■ Work to be completed ■
When copying the listing below, skip every picture and repeat exactly the lines from the first one through the line that contains "We depart from".

-- The data follows --

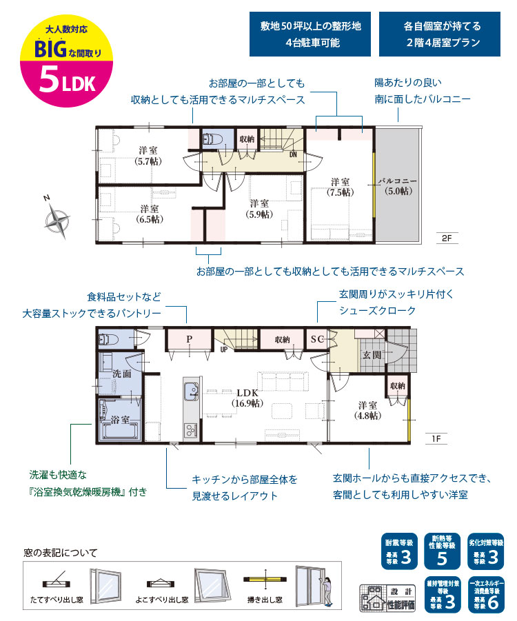 LDK 16.9畳 洋室 7.5畳 洋室 6.5畳 洋室 5.9畳 洋室 5.7畳 洋室 4.8畳 +シューズクローク+パントリー |
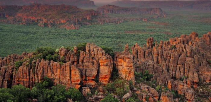 We depart from Darwin and head towards the wetlands region known as WakWak, an hour outside of Darwin, where the top end's magnificent scenery is on display. We have the chance to spot a vast range of Top End birdlife and apex predators such as crocodiles. Our journey continues as we wind our way into Kakadu National Park, where we check into our local accommodation and continue to take in the sights and sounds of nature, 300 kms east of Darwin. We take some time to soak in the landscape and wildlife of the park at the Bowali Visitor Centre before heading to the East Alligator region, the most north-eastern point of Kakadu, for a cultural tour of a lifetime. The group will join the Guluyambi Cultural Cruise down the East Alligator River on the border of Kakadu and Arnhem Land to experience the creation stories of the area, observe majestic birdlife, and, of course, hope to see crocodiles. In this same area we'll visit Ubirr Rock, home to one of the best-preserved collections of Aboriginal Rock Art in the world, and climb up high for a sunset that will take your breath away. We head back to our accommodation for dinner. Meals: Lunch, Dinner. Accom: Mercure Kakadu Crocodile Hotel, options include twin, double, single rooms with ensuite bathroom. Driving Distance: 420km. Hike Distance and Grading: 1km loop Grade 2-3.
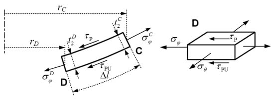 It can be known from Equation (19) that the difference in radial stress between points D and C is influenced by several parameters, including geometric parameters, hydraulic pressure, and friction coefficients. The element between points C and D experiences interfacial shear stress on its upper and lower surfaces exerted by the punch and the polyurethane plate, respectively, and the directions of both are opposite to the radial stress direction at point C. For hydroforming, the hydraulic pressure p is greater than 0. Consequently, the radial stress at point D is lower than that at point C, and the difference between the two increases with an increase in arc length ∆l, hydraulic pressure p, and friction coefficients μP and μPU. In accordance with the Tresca yield criterion, the radial stress at point D is less than the yield stress during hydroforming, implying that point D no longer meets the yield condition and is in an elastic state [32].
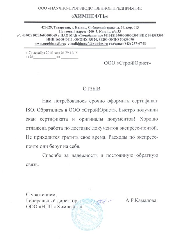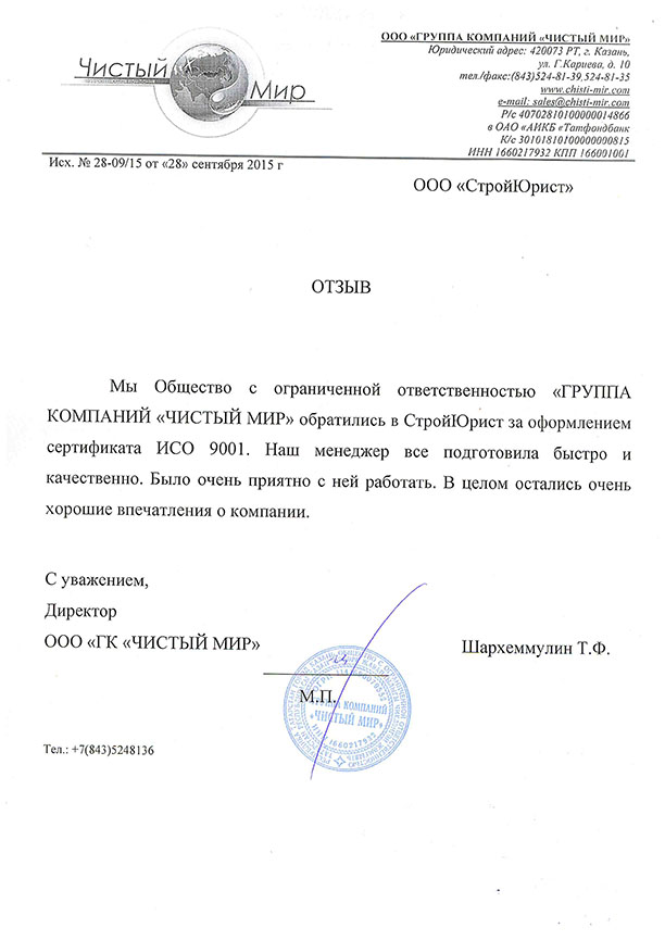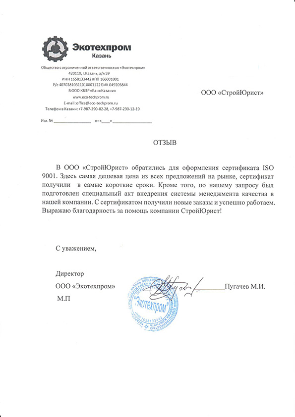 Отзывы клиентов "СтройЮрист" по ISO в Балашихе

-- The data concluded --

■ Solved exercise ■
 LDK 16.9畳 洋室 7.5畳 洋室 6.5畳 洋室 5.9畳 洋室 5.7畳 洋室 4.8畳 +シューズクローク+パントリー |
 We depart from Darwin and head towards the wetlands region known as WakWak, an hour outside of Darwin, where the top end's magnificent scenery is on display. We have the chance to spot a vast range of Top End birdlife and apex predators such as crocodiles. Our journey continues as we wind our way into Kakadu National Park, where we check into our local accommodation and continue to take in the sights and sounds of nature, 300 kms east of Darwin. We take some time to soak in the landscape and wildlife of the park at the Bowali Visitor Centre before heading to the East Alligator region, the most north-eastern point of Kakadu, for a cultural tour of a lifetime. The group will join the Guluyambi Cultural Cruise down the East Alligator River on the border of Kakadu and Arnhem Land to experience the creation stories of the area, observe majestic birdlife, and, of course, hope to see crocodiles. In this same area we'll visit Ubirr Rock, home to one of the best-preserved collections of Aboriginal Rock Art in the world, and climb up high for a sunset that will take your breath away. We head back to our accommodation for dinner. Meals: Lunch, Dinner. Accom: Mercure Kakadu Crocodile Hotel, options include twin, double, single rooms with ensuite bathroom. Driving Distance: 420km. Hike Distance and Grading: 1km loop Grade 2-3.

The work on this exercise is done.